Environmental Protection Agency Administrator Carol Browner announced plans Wednesday to expand the market for air pollution allowances beyond utilities--whose emissions account for 70% of acid rain--to the smaller class of polluters. That came a day after Vice President Al Gore's report on "reinventing government" provided the first signal that the Administration would seek to encourage a market-based approach to the control of water pollution.

Browner said that efforts to reduce sulfur dioxide, the prime ingredient in acid rain, already have boosted the development of a $100-billion pollution-control industry in the United States as big utilities invest in smokestack scrubbers and switch to cleaner fuels so that they can sell their pollution allowances.

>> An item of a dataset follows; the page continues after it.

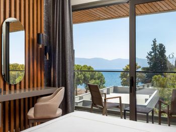 Вид из окна! Или в сад с проходящими работниками или на парковку! территория отеля крошечная! спа салона нет! Выхода к морю нет! только спуск по лестницам с настила! Ресторан работает медленно! Официанты не понимают по-английски за исключением пары человек! по 40 минут ожидание завтрака а-ля карт! Недопонимание по меню! Ошибки в блюдах! Толпы приезжающих местных жителей на завтрак по субботам! толпы приезжающих на ужин, занимающих все места в ресторане-она же столовая для проживающих в отеле! Деревянные лежаки у небольшого бассейна залиты каплями смолы с сосен!
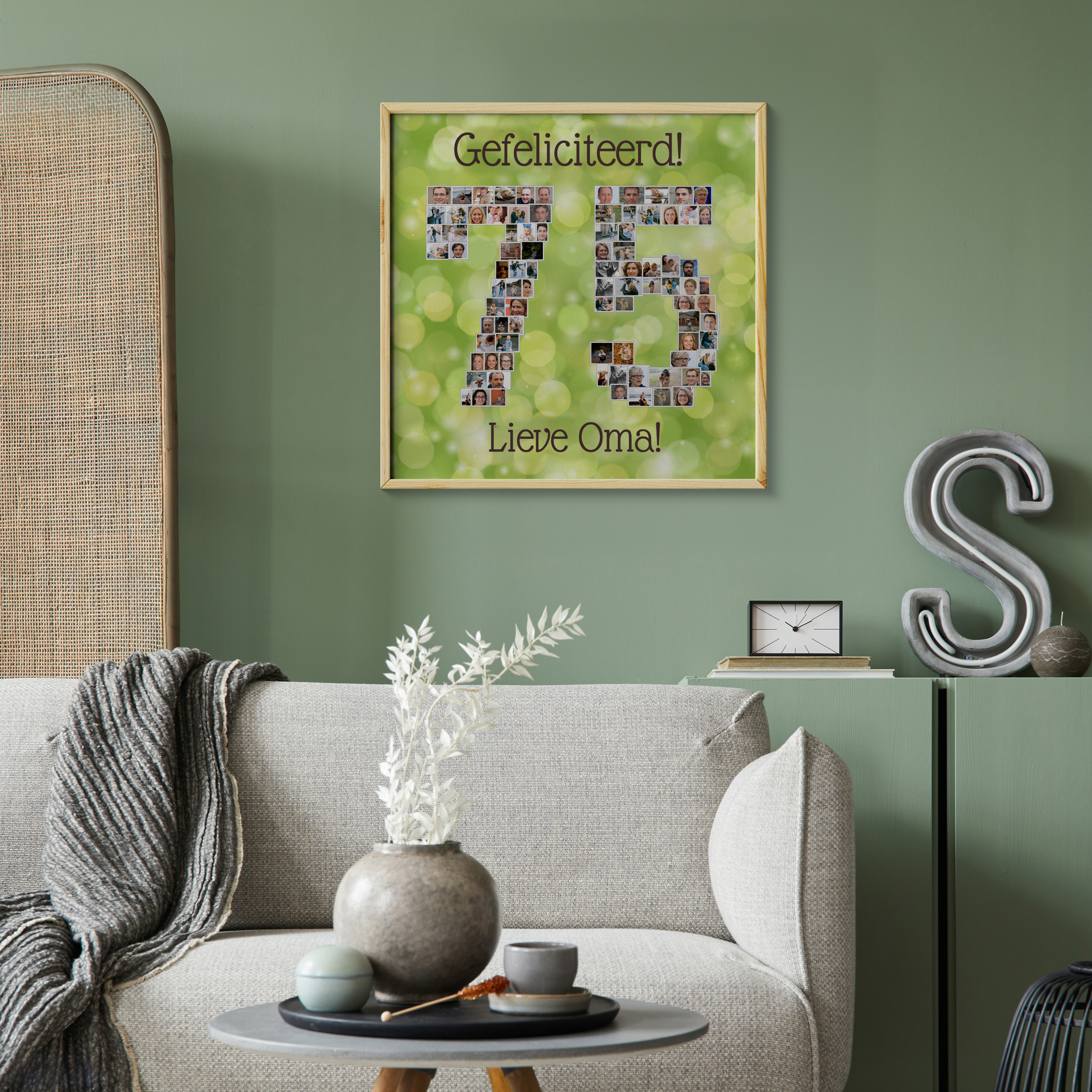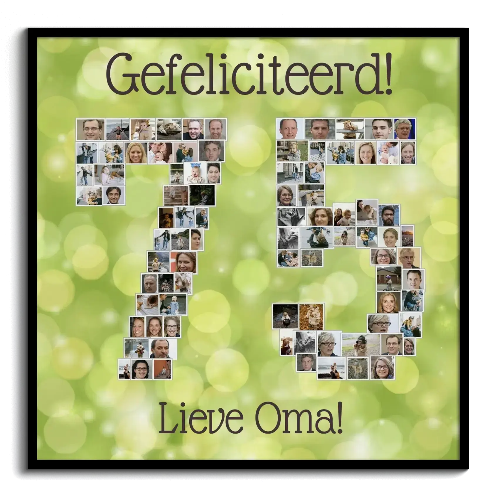 Fotocollage in de vorm 75 voor oma: cadeau, groene stijl, veel foto’s; tekst en kleuren aanpasbaar.

By the end of the decade, Browner projected, revenues from the air pollution industry alone will increase by as much as $70 billion. While limits do not take effect until 1995, the market in pollution allowances is designed to halve utilities' emissions of sulfur dioxide by the year 2010--a 10-million ton reduction from 1980 levels.

The Chicago Board of Trade already has gotten into the act, kicking off the first nationwide marketplace for sulfur dioxide pollution allowances last March. At that time, American utilities bought up 150,010 shares, with each share allowing the purchaser to spew a ton of sulfur dioxide into the atmosphere starting in 1995.

In the future, said Joseph Goffman, one of the architects of the Clean Air Act emissions trade, the approach could be used to enforce national limits on another precursor to acid rain, nitrogen oxide. It also could be expanded to regulate the emission of so-called greenhouse gases.

"I think there is a trend" toward the more widespread use of such market mechanisms, said Goffman, a senior attorney with the Washington-based Environmental Defense Fund. "It's anything but one-size-fits-all. But it certainly is a malleable tool. And as long as you're careful about fitting it to the demands of the environmental problem you're trying to solve, it can work."

But the Administration's approach is not uniformly admired within the environmental community. Some critics, including Todd Gitlin, a sociologist at UC Berkeley, have called it perverse--a case of the government selling the right to do harm to the highest bidder. Others say it is just ineffective.

"The only way to deal with the remediation of the environment is to prevent the production of the pollutant at its point of origin," said Barry Commoner, director of the Center for the Biology of Natural Systems at Queens College in New York. "What the entire trading program is based on is the production of pollution--you can't have a market unless you have a pollutant to trade. It's an obsolete residue of the Reagan-era which violates everything we know from experience: that the only way we can reduce pollution is by preventing it."